▶ _Task instructions_
Omit the pictures. Transcribe exactly the lines below, from the one with "Design: American musical" up to and including the last.

Stored dataset items
>>>>
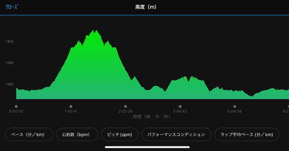 本来なら30㎞走でも朝食食べずに走れたのに、この過酷なコース(林道という誰もいない恐怖)ということと70㎞まで走らないといけないという恐怖でここから抜け出す防衛反応みたいなものが出たのでしょうか。35㎞ぐらいまで行きたかったのですが、15㎞地点で折り返すというチキンぶりを発揮しました。でも高度的には1900m地点まで上っていたので、ほぼコースの最高地点には達していたみたいです。
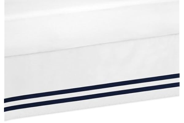 Sweet Jojo Designs Navy and White Queen Bed Skirt for Anchors Away Nautical Boys Bedding Sets
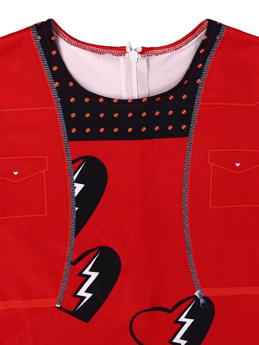 Design: American musical comedy film costume featuring a pink dress, or full body jumpsuit, long sleeves, fitted legs, back zipper up closure, an allover 3D printed design, restores the princess character.
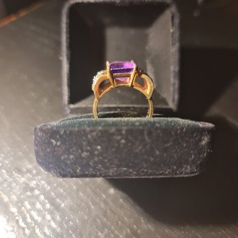 Dyp rød granat i gull – omgitt av 12 brilljanter
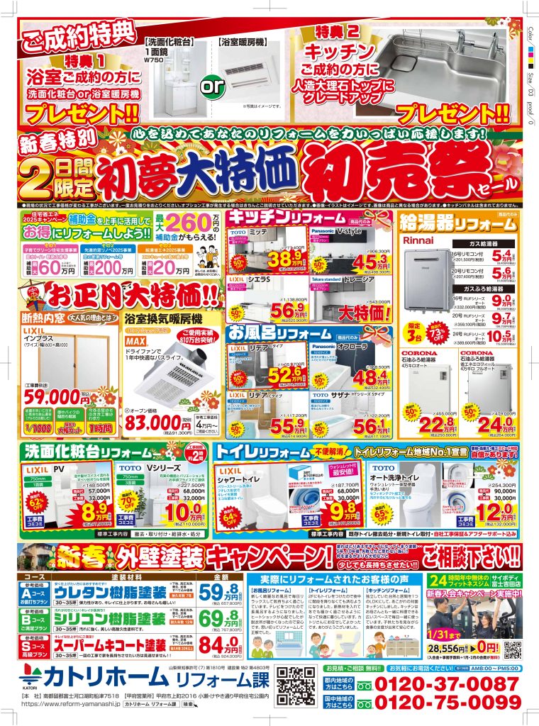新春リフォーム相談会開催!【イオン石和店&Qスタ富士吉田店にて同時開催】 豪華来場記念品あり!(ダスキンのお掃除セット) バスルームorキッチン見積もりでお米をプレゼント♪ なんと浴室、キッチンご成約の方にも超豪華特典が! 浴室ご成約の方…洗面化粧台or浴室暖房機をプレゼント! キッチンご成約の方…人造大理石トップにグレードアップ! リフォームのプロに相談できる二日間。
<<<<
▶ _Solution for this problem_
 Design: American musical comedy film costume featuring a pink dress, or full body jumpsuit, long sleeves, fitted legs, back zipper up closure, an allover 3D printed design, restores the princess character.
 Dyp rød granat i gull – omgitt av 12 brilljanter
新春リフォーム相談会開催!【イオン石和店&Qスタ富士吉田店にて同時開催】 豪華来場記念品あり!(ダスキンのお掃除セット) バスルームorキッチン見積もりでお米をプレゼント♪ なんと浴室、キッチンご成約の方にも超豪華特典が! 浴室ご成約の方…洗面化粧台or浴室暖房機をプレゼント! キッチンご成約の方…人造大理石トップにグレードアップ! リフォームのプロに相談できる二日間。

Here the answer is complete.